● **TASK DIRECTIONS**:
Set down every record below exactly as it stands, minus the pictures.

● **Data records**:
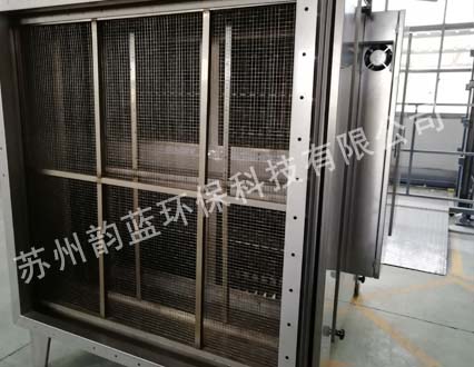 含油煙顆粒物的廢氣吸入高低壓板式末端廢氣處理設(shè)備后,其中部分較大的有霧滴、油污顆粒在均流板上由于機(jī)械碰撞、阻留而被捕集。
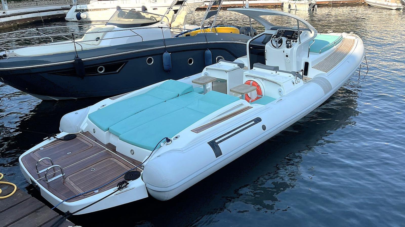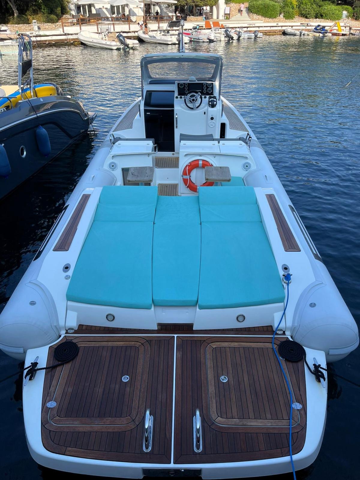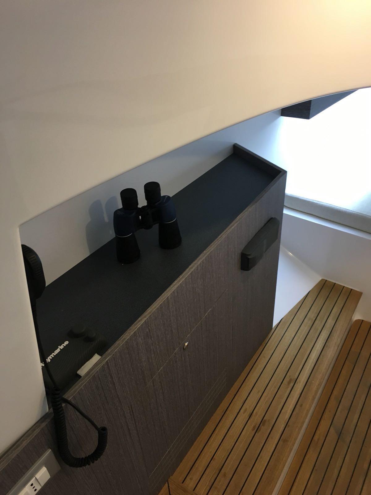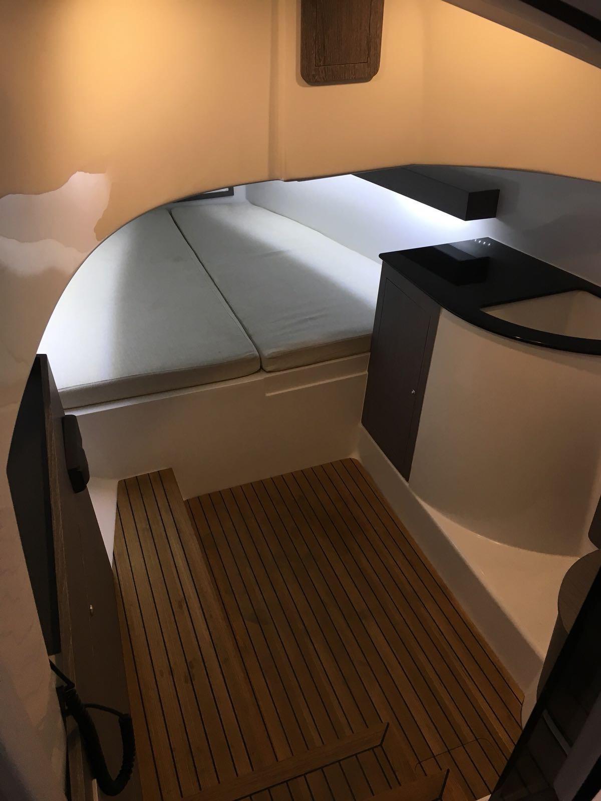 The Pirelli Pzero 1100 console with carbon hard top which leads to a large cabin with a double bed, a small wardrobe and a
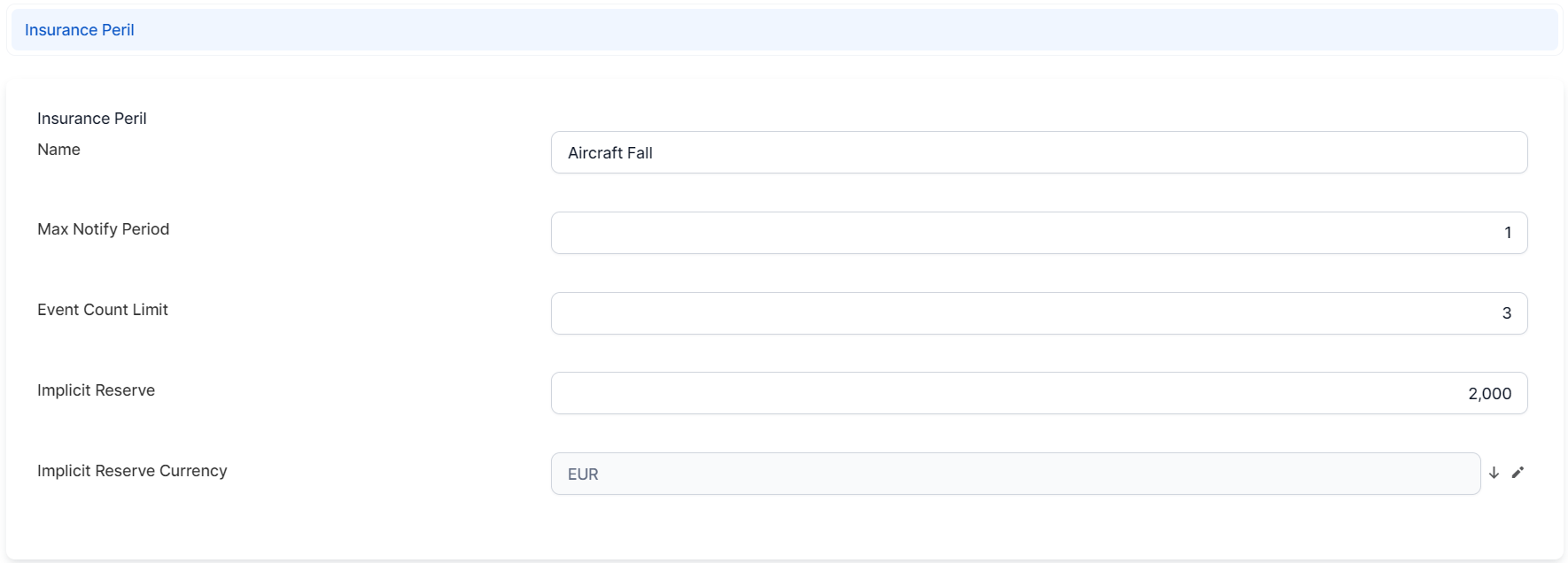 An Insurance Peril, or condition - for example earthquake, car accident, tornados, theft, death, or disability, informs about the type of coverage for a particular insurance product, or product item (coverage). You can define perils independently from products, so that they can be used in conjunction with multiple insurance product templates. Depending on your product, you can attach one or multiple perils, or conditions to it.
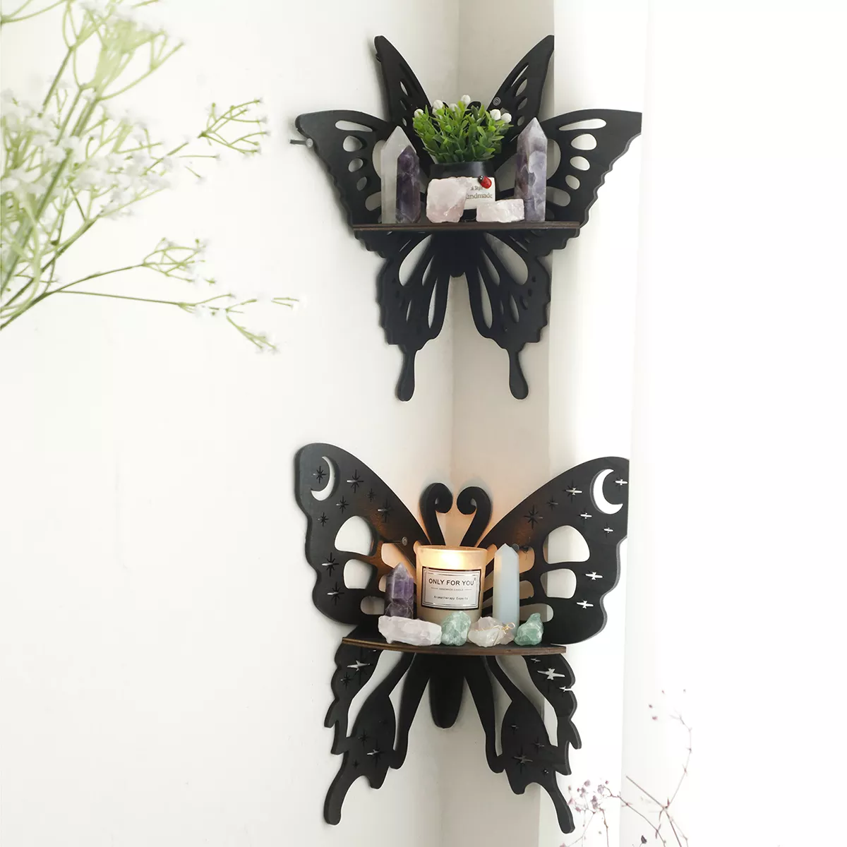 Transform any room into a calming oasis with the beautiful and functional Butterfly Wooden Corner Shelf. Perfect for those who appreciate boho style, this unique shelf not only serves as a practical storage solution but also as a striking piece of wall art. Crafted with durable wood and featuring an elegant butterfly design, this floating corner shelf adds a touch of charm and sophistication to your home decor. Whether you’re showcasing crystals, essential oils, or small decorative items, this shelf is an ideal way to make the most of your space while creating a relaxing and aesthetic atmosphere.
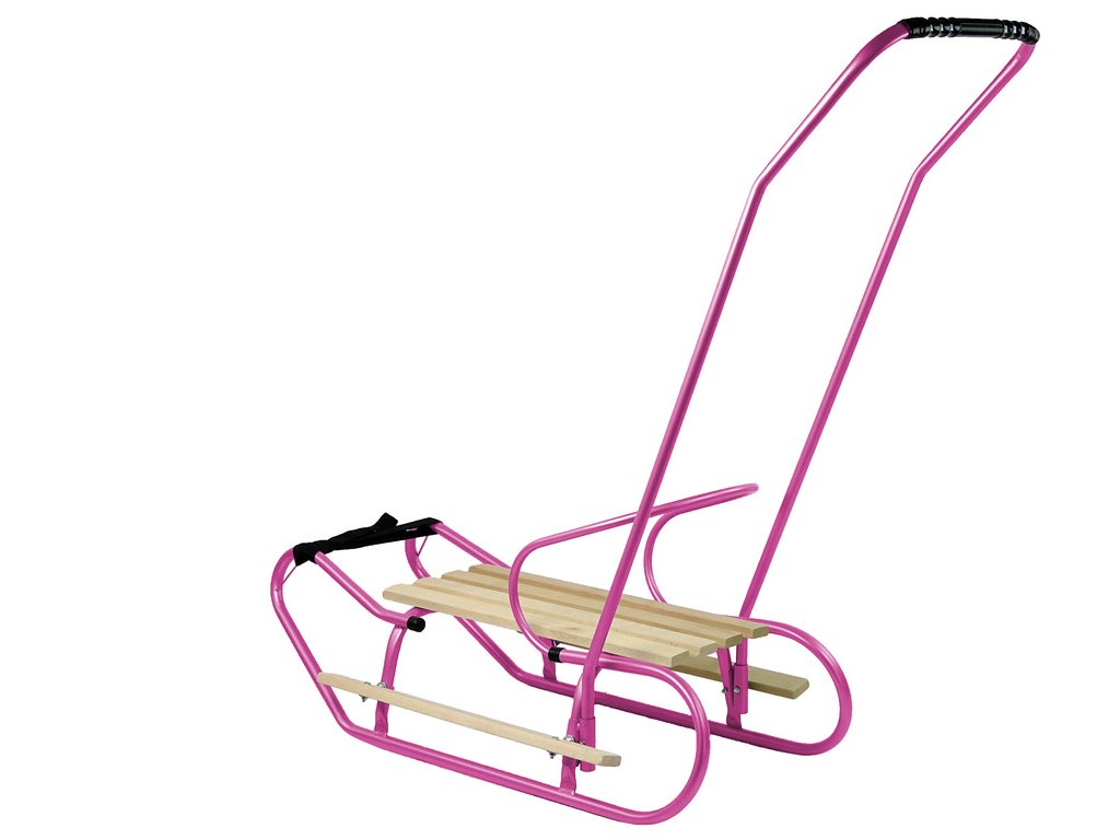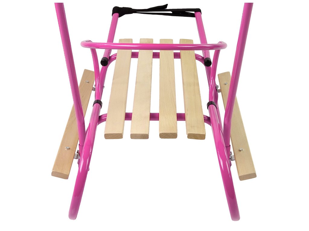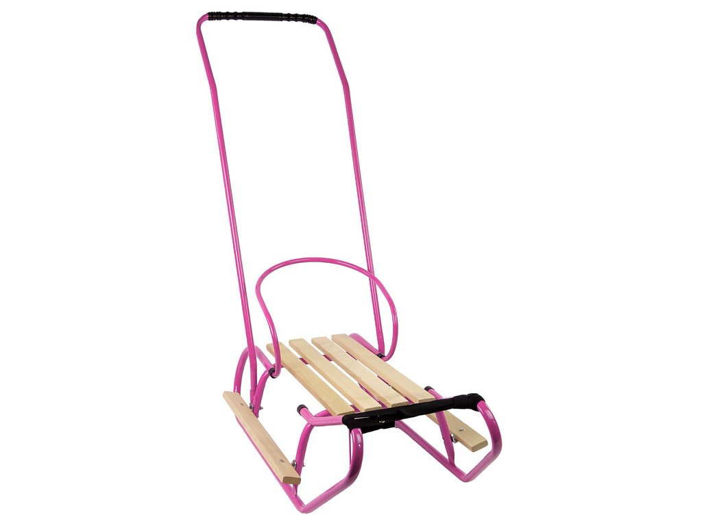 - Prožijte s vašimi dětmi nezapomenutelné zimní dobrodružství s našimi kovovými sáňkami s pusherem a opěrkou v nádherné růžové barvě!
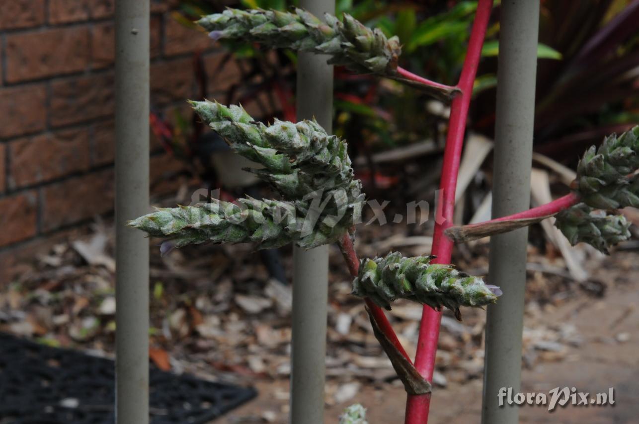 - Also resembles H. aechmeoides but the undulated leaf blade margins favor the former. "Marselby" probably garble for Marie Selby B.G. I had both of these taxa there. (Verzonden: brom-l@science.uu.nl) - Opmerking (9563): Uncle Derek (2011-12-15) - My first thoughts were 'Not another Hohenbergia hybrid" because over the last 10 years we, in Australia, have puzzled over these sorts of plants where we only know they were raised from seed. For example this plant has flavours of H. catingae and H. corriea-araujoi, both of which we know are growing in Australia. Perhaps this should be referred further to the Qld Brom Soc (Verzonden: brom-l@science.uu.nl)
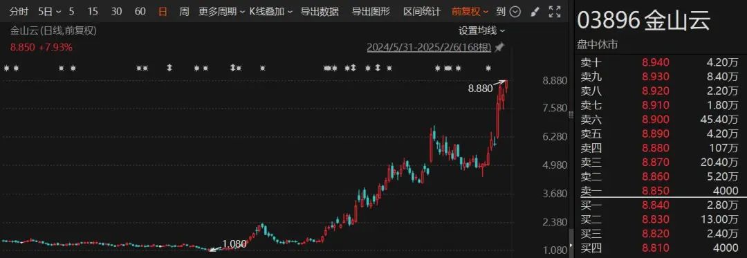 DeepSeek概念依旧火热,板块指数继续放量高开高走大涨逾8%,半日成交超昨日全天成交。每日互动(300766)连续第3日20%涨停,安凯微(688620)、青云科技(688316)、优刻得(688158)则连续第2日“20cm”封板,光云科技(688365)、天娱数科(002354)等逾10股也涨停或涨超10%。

● **SOLUTION FOR THIS TASK**:
 含油煙顆粒物的廢氣吸入高低壓板式末端廢氣處理設(shè)備后,其中部分較大的有霧滴、油污顆粒在均流板上由于機(jī)械碰撞、阻留而被捕集。
 The Pirelli Pzero 1100 console with carbon hard top which leads to a large cabin with a double bed, a small wardrobe and a
 An Insurance Peril, or condition - for example earthquake, car accident, tornados, theft, death, or disability, informs about the type of coverage for a particular insurance product, or product item (coverage). You can define perils independently from products, so that they can be used in conjunction with multiple insurance product templates. Depending on your product, you can attach one or multiple perils, or conditions to it.
 Transform any room into a calming oasis with the beautiful and functional Butterfly Wooden Corner Shelf. Perfect for those who appreciate boho style, this unique shelf not only serves as a practical storage solution but also as a striking piece of wall art. Crafted with durable wood and featuring an elegant butterfly design, this floating corner shelf adds a touch of charm and sophistication to your home decor. Whether you’re showcasing crystals, essential oils, or small decorative items, this shelf is an ideal way to make the most of your space while creating a relaxing and aesthetic atmosphere.
 - Prožijte s vašimi dětmi nezapomenutelné zimní dobrodružství s našimi kovovými sáňkami s pusherem a opěrkou v nádherné růžové barvě!
 - Also resembles H. aechmeoides but the undulated leaf blade margins favor the former. "Marselby" probably garble for Marie Selby B.G. I had both of these taxa there. (Verzonden: brom-l@science.uu.nl) - Opmerking (9563): Uncle Derek (2011-12-15) - My first thoughts were 'Not another Hohenbergia hybrid" because over the last 10 years we, in Australia, have puzzled over these sorts of plants where we only know they were raised from seed. For example this plant has flavours of H. catingae and H. corriea-araujoi, both of which we know are growing in Australia. Perhaps this should be referred further to the Qld Brom Soc (Verzonden: brom-l@science.uu.nl)
 DeepSeek概念依旧火热,板块指数继续放量高开高走大涨逾8%,半日成交超昨日全天成交。每日互动(300766)连续第3日20%涨停,安凯微(688620)、青云科技(688316)、优刻得(688158)则连续第2日“20cm”封板,光云科技(688365)、天娱数科(002354)等逾10股也涨停或涨超10%。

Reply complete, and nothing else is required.